Eastern Opportunities: Discovering Asia's hidden investment treasures

Asian equities can offer investors a dynamic mix of opportunities. For those prepared to navigate the twists, turns and inevitable volatility, Asia’s exciting and diverse markets can unleash compelling rewards.

 

Investors often view Asian stock markets as dynamic and exciting, though also risky and volatile. The Asia Pacific region, in particular, is commonly associated with phrases such as ‘economic miracle’, ‘tiger economies’ and ‘currency crisis.’

 

As an investor who witnessed the aftershock of the Japanese economic miracle and the contagion of the 1997 Asian Financial Crisis, I am well aware of what a ride these markets can be. I was also based in Hong Kong when the China bull market was in full swing.

 

At first glance, these markets may not seem natural sources of income for a high-quality, steady strategy like the Aegon Global Equity Income Fund. However, underneath the boom-and-bust nature of Asian markets lie several wonderful companies, many of which we hold in our portfolio.

 

Tech treasures

Historically, Asian technology stocks were low-quality assembly operations, typically located in Taiwan. Such companies still exist, often paying high dividends. However, the low value-add nature of their core businesses does not appeal to us. We prefer global leaders with a strong market share.

 

TSMC is a case in point. As the world’s leading semiconductor manufacturer, it has an almost 70% share of the global foundry market, putting it well ahead of its closest rival, Samsung Electronics, which commands under 10%. We have held TSMC since the Fund’s launch in 2012 and the stock has been a multibagger over that period.

 

Another Taiwanese winner is Delta Electronics. Like its compatriot TSMC, Delta is a world leader operating in a structurally growing market. The company provides power management and liquid cooling products to data centres, putting it at the heart of the boom in artificial intelligence (AI) and driving a sharp rise in its share price over the past few years.

 

Across the Taiwan Strait, we own another technology company, Tencent.
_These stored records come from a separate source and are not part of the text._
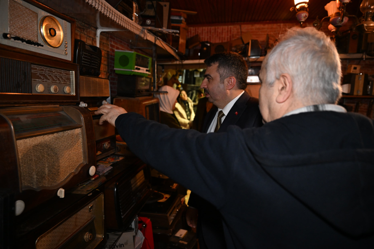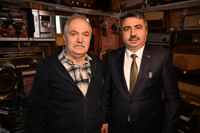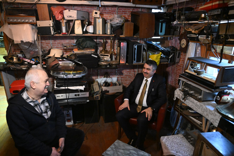 Yıldırım Belediye Başkanı Oktay Yılmaz, Bursa'da Yeşil Caddesi'ndeki atölyesinde 40 yıldır eski radyo ve gramofonları tamir edip çalışır hale getiren son usta 'Nostalji Doktoru' olarak tanınan Ahmet Ali Şağın'ın (63) misafiri oldu. Şağın ile sohbet eden Başkan Oktay Yılmaz, atölyede bulunan radyo, gramofon ve müzik dolaplarını inceledi.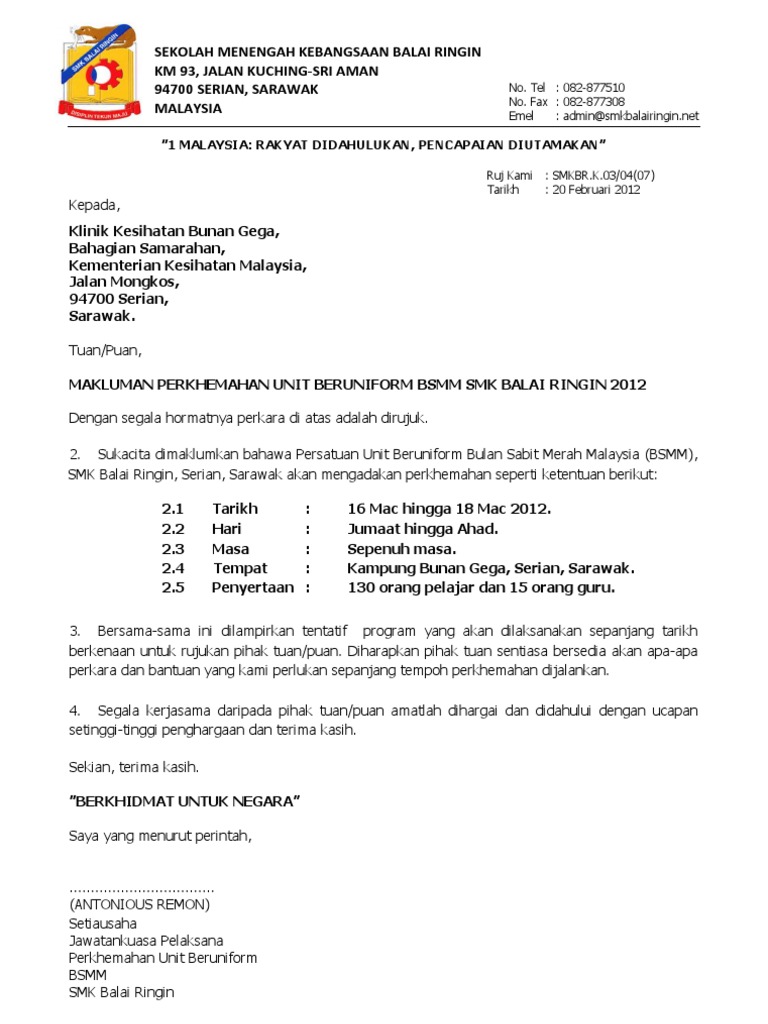 Surat Makluman Kepada Pihak Kesihatan Pdf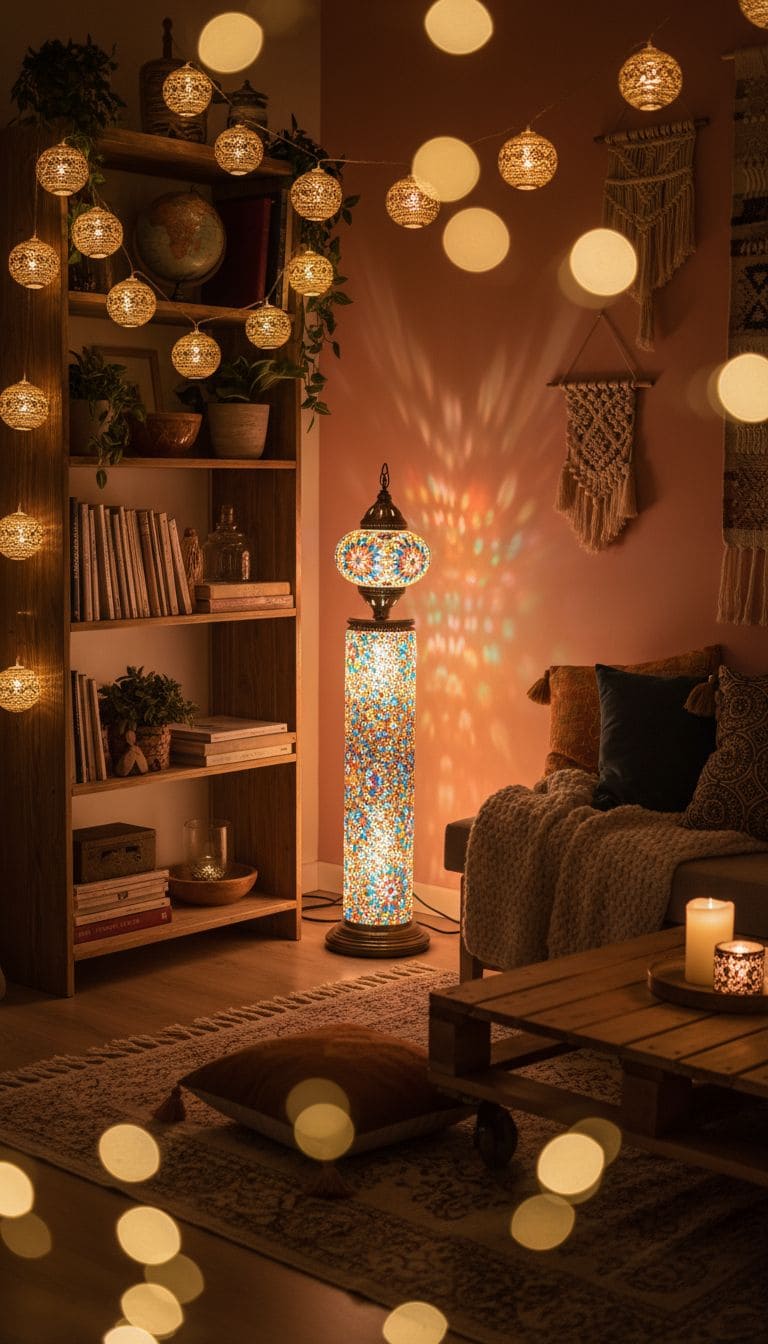 Set the right mood with some quirky bohemian lighting. String lights, lanterns, and unique lamps can change the whole feel of a room from just lit to lit up with style.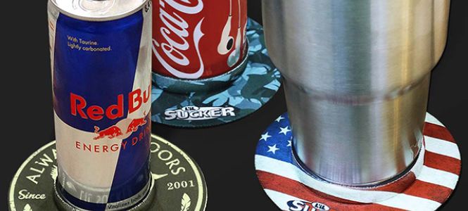 L’il Sucker® keeps your drink firmly planted where you want it. Just slip it on your can, bottle, tumbler, from the bottom up, set it on any smooth surface, and let L’il Sucker do it's magic.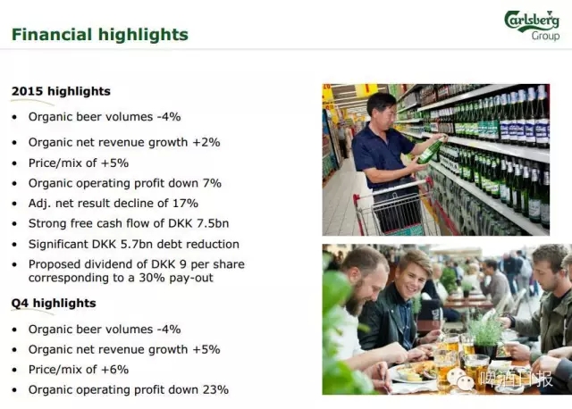 说了半天,终于要讲2015年业绩表现了。公司有机啤酒销量下降4%,有机净收入增长2%。好消息是公司的现金流变强了,达到75亿丹麦克朗。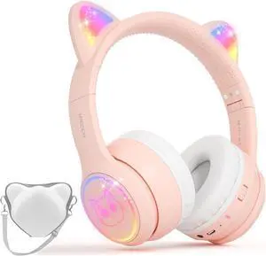 IFECCO Wireless Kids Headphones with Microphone,Foldable Cute Light Up Cat Ear Children Girls Bluetooth Headphones with Case for School Gifts Travel

Almost every single Chinese person uses one or more Tencent products. It is a leading software business with operations in gaming, AI, digital payments, cloud computing and messaging platforms, providing a wide range of growth drivers.

 

Financial sector finds

Asia’s success stories extend beyond the tech sector. It is also home to several excellent financial companies like Australia’s Macquarie Group. The company is an expert at deploying capital between its diverse range of businesses, which include infrastructure, wealth management and investment banking activities. Its share price has outperformed most major global banks over the past decade, thanks to this proactive approach.

 

We also own DBS Group in Singapore, which is far less dynamic in changing its business mix, but every bit as attractive as an investment. DBS prefers to focus on the traditional banking model, and one could certainly make a case for it being Asia’s best bank in this category. As a result of this focus, it is highly profitable, as its 17% return on equity suggests. In fact, it has so much excess capital at the moment that it is paying a quarterly ‘capital return’ dividend. This is in addition to its ordinary dividend, which in itself has almost doubled since 2022. Taken together, these distributions give an annual dividend yield of close to 6%, making DBS one of Asia’s great dividend growth (and capital appreciation) stories of recent years.

 

A rare telecom trophy

Dynamic and exciting are perhaps not terms you naturally think of when it comes to telecommunication companies, as they are usually blighted by low growth and high debt.

 

Thankfully, in Singapore Telecommunications (SingTel), we have found a company offering growth, perhaps not in the core market, but in data centres and emerging markets such as India. Its balance sheet is robust, allowing it to return a 4.5% dividend to investors.

 

The allure of Asia

Within the Aegon Global Equity Income Fund, we have been overweight Asian markets for some time, finding them an excellent source of alpha (outperformance), beta (market exposure and risk), and income (steady cash flow) – quite the trio.

 

Of course, Asia is not a homogeneous region, which brings numerous governance, macroeconomic and geopolitical considerations. However, with the correct risk framework and rigorous analysis, investing in Asia can unlock significant rewards.